At the outset, Chishti asserted this argument for the first time in his Rule 60
motion, even though, as noted above, he possessed the basic facts concerning TRG-
I’s alleged fraud prior to the filing of his cross-petition to partially vacate the Final
Award in the district court. We have long held that parties may not raise new
arguments in motions for relief under Rule 60(b) where they had “ample
opportunity to do so” previously. State St. Bank, 374 F.3d at 179; see also Nemaizer,
793 F.2d at 62–63. We therefore have little trouble concluding that Chishti’s SPA-
based argument is untimely.
And even if we were to consider that argument, the district court did not err
in concluding that the FAA and New York law each preclude parties from
contractually supplementing the statutory grounds for vacatur of an arbitral
award. See Hall St. Assocs., L.L.C. v. Mattel, Inc., 552 U.S. 576, 578 (2008) (holding
that the “statutory grounds” for vacatur of an award under sections 11 and 12 of
the FAA are “exclusive” and “may [not] be supplemented by contract”); N.Y.C.
11 Transit Auth. v. Transp. Workers' Union of Am., Loc. 100, 6 N.Y.3d 332, 336 (2005)
(“Courts may vacate an arbitrator’s award only on the grounds stated in CPLR
7511(b).”).
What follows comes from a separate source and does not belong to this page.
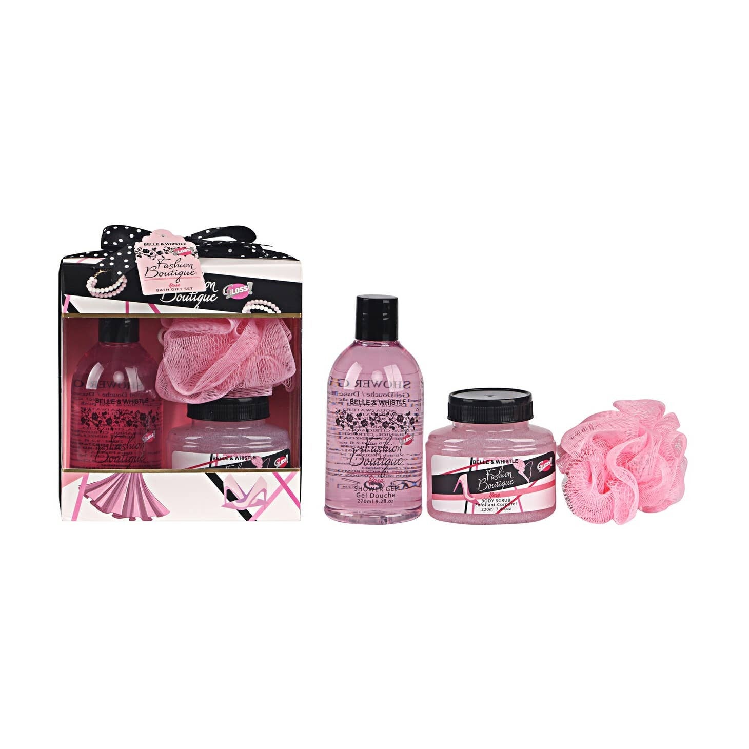 Deze set bevat een douchegel, body scrub en badspons.
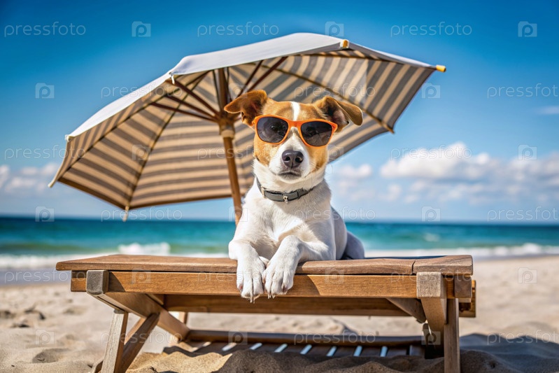 Счастливая собака на пляже в солнцезащитных очках лежит на деревянном шезлонге. концепция курортного отдыха с домашними животными

In leveraging the language of the SPA to declare the parties’
arbitration nonbinding, Chishti seeks relief that the district court was powerless to
provide.
Chishti attempts to dodge this conclusion by arguing that “making a
previously confirmed award subject to reexamination or appeal . . . does not result
in an award’s vacatur” and instead “at most results in fresh proceedings for
vacatur or confirmation.” Chishti Br. at 27 (emphasis deleted). We struggle to
see the relevance of this distinction; after all, “making a previously confirmed [i.e.,
binding] award subject to reexamination or appeal” renders that arbitral award
“nonbinding” – precisely what occurs when an award is vacated. Id. Such an
approach flouts the terms of the arbitration agreement to which the parties
contracted, lacks support in our precedent, and ignores the plain text of the FAA
and CPLR. Mere incantations that “arbitration is a matter of contract,” id. at 25
(internal quotation marks omitted), provide no basis for upsetting the Final Award
or the district court’s judgment confirming that award.
12 * * *
We have considered Chishti’s remaining arguments and find them to be
without merit. Accordingly, we AFFIRM the judgment of the district court.